## What you will do
Each word in the data below should be copied exactly; the images should not.

## Source data
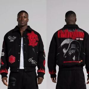Extremely RARE and collectible Kylo Ren varsity jacket from the Civil Regime x Star Wars collab. This premium heavyweight jacket features bold embroidered First Order and Kylo Ren graphics, flame details on the sleeves, and a quilted interior with lightsaber artwork. Made from a soft wool-look 100% polyester, it offers the same structured streetwear vibe without the itch. Perfect for display or wear.
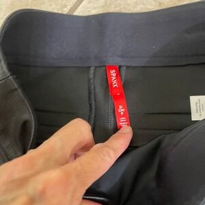 Please ask any questions before purchasing SPANX faux leather flare pants in black. High-waisted design with a flattering slim fit through the thigh and a dramatic flare at the hem. Perfect for a night out or a stylish daytime look.
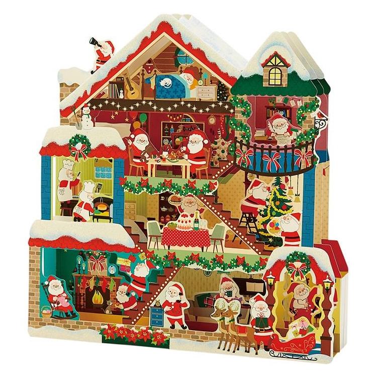 おもちゃの工房や書斎、キッチン、屋根裏の寝室など、サンタたちの暮らしが細かく描かれています。3層構造で各部屋の立体的な空間をお楽しみいただけます。すみずみまでじっくり眺めたくなる、ミニチュア感たっぷりのドールハウスのようなカードです。立てて飾れます。裏側にメッセージスペースがあります。

## Task solution
Extremely RARE and collectible Kylo Ren varsity jacket from the Civil Regime x Star Wars collab. This premium heavyweight jacket features bold embroidered First Order and Kylo Ren graphics, flame details on the sleeves, and a quilted interior with lightsaber artwork. Made from a soft wool-look 100% polyester, it offers the same structured streetwear vibe without the itch. Perfect for display or wear.
 Please ask any questions before purchasing SPANX faux leather flare pants in black. High-waisted design with a flattering slim fit through the thigh and a dramatic flare at the hem. Perfect for a night out or a stylish daytime look.
 おもちゃの工房や書斎、キッチン、屋根裏の寝室など、サンタたちの暮らしが細かく描かれています。3層構造で各部屋の立体的な空間をお楽しみいただけます。すみずみまでじっくり眺めたくなる、ミニチュア感たっぷりのドールハウスのようなカードです。立てて飾れます。裏側にメッセージスペースがあります。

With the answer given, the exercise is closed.